USDA spokeswoman Amanda Eamich said one reason it
did not ask Wellshire Farms to recall the chicken
bites is because the agency did not trust the consumers' testing results. The
consumers had sent samples of chicken nuggets from opened packages, raising
the possibility that the product was contaminated somewhere between their
homes and the lab.
Pridemore said it was the USDA's
job—not consumers—to test samples from unopened packages.
"I'm not a doctor. I'm not a scientist," she said. "I'm just a
mom trying to keep her child safe."
The Tribune recently bought two samples of the chicken nuggets and sent them
to the same Nebraska
lab.

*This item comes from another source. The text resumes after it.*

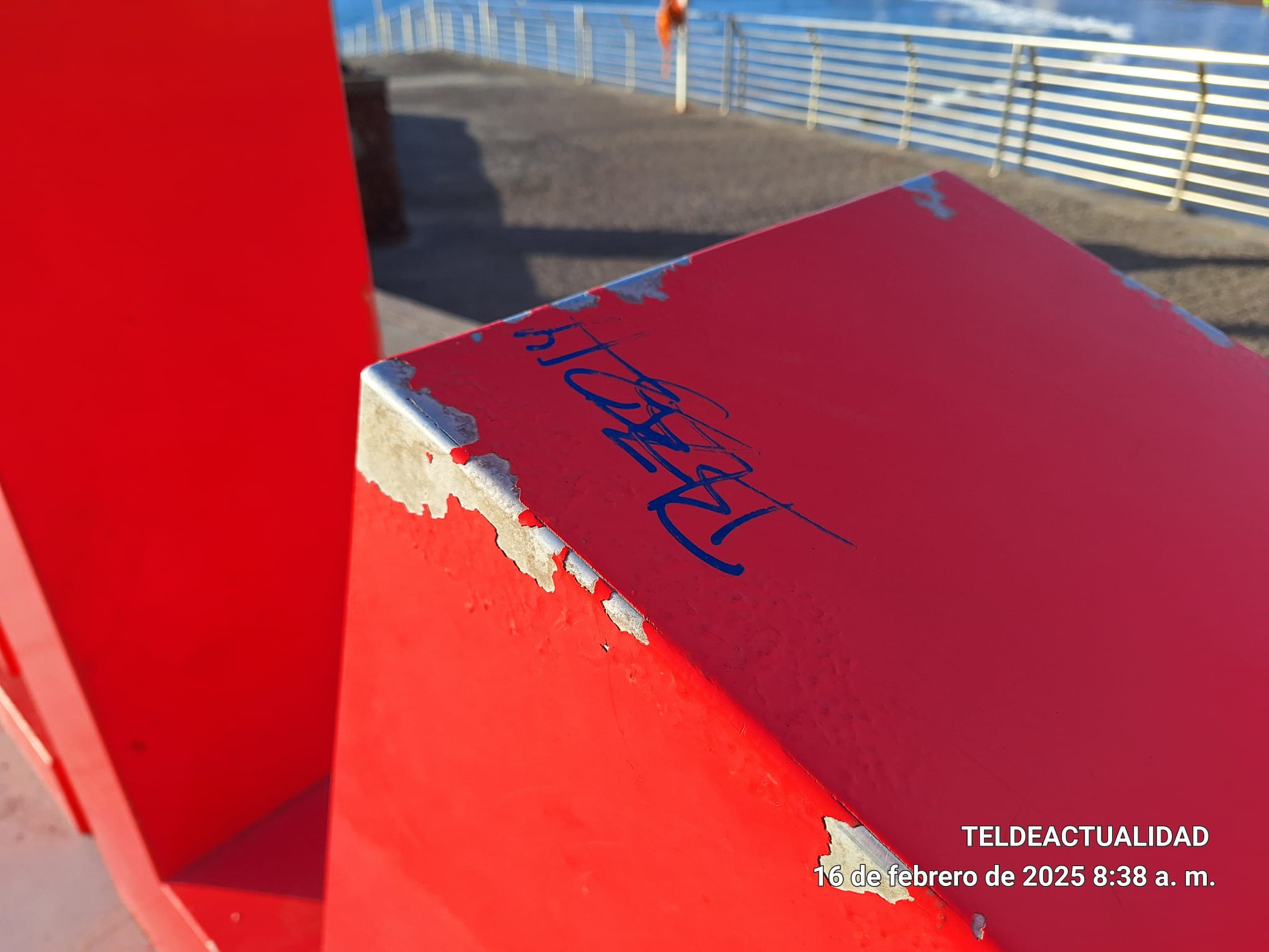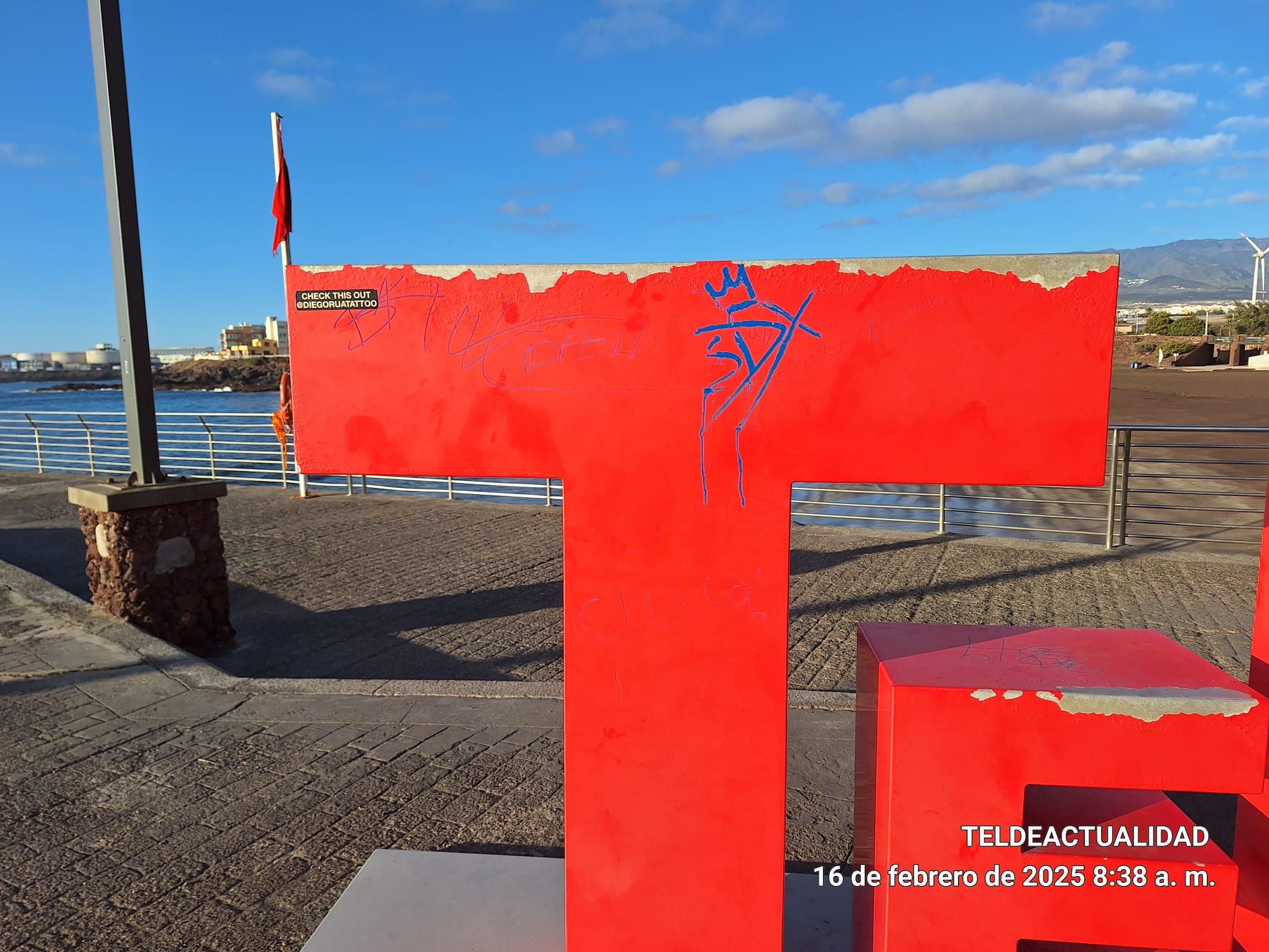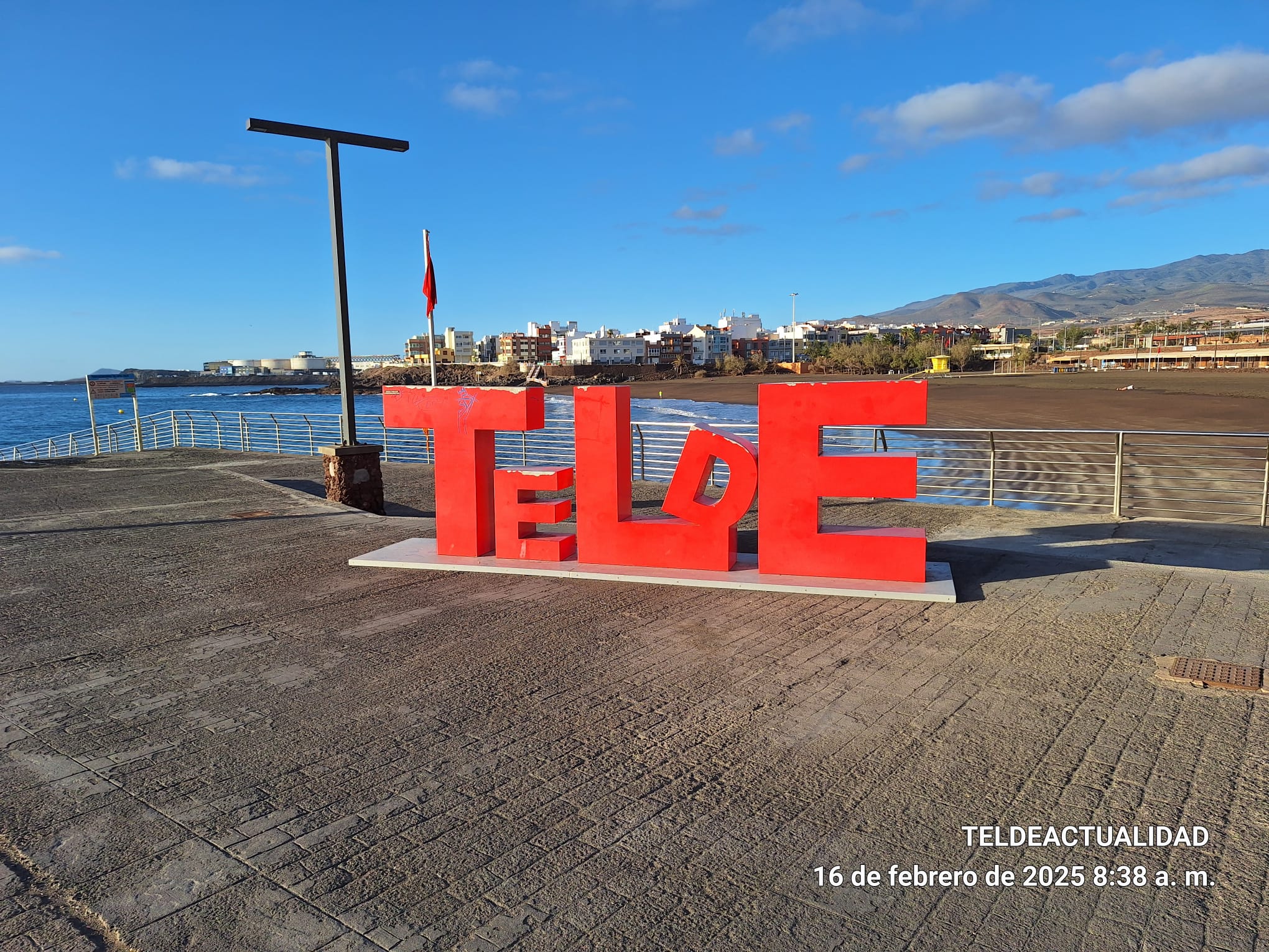 El elemento, de un metro y medio de alto por cinco metros de largo, y con las cinco letras que conforman la palabra Telde, se instaló en el año 2021 en uno de los enclaves más emblemáticos de la costa del municipio, en el viejo muelle pesquero, cerca de la escultura de Neptuno.

Both tested positive for gluten—including a sample from an unopened box.
The nuggets, said Steve Taylor, the lab's director and a leading allergy
expert, "are not safe for people with wheat allergies or celiac
disease," often characterized by chronic abdominal pain.
The newspaper also tested two other Wellshire Kids'
products: the "Gluten Free" Chicken Corn Dogs and the "Gluten
Free" Beef Corn Dogs, finding high amounts of gluten in both.
Wellshire Farms owner Louis Colameco
said his products are safe. But he said that in light of the two consumer
complaints and recent moves by regulators to tighten "gluten-free"
rules, he halted production of the three Wellshire
Kids' products in June.
Colameco said he would start making the food again
when he finds a supplier who can guarantee that the batter used in the
products is gluten free. The old supplier, he said, could not give such an
assurance.
He said he has not recalled the Wellshire Kids
products still on store shelves because he believes they are in compliance
with federal regulations.
But weak and murky federal rules on gluten leave food companies wiggle room
and consumers at risk.
The USDA, which has jurisdiction over meat-based products such as chicken
nuggets, said it has no policy specifically addressing
"gluten-free" claims. The agency must approve labels before
products go to market, and packaging claims are reviewed on a case-by-case
basis.
The FDA's rules are tougher. Though the agency has no specific rule for
"gluten-free" products, the agency's policy generally is that
absent a standard, products claiming to be "free" of an ingredient
cannot contain it.
Recognizing that food companies may interpret these rules as they wish, the
FDA has pushed a proposed rule that products advertised as
"gluten-free" must contain less than 20 parts per million of
gluten. A UN health panel this summer recommended a similar standard. Tribune
tests of Wellshire products all far exceeded those
levels.
Apart from online sales, the Wellshire Kids'
gluten-free products are sold exclusively at Whole Foods Market,
the upscale chain..
Whole Foods said it was investigating the issue, but that it was the
supplier's responsibility, not Whole Foods', to ensure the Wellshire products are safe and legal.
Tribune reporters Annie Slezickey and Jason
Grotto contributed to this report.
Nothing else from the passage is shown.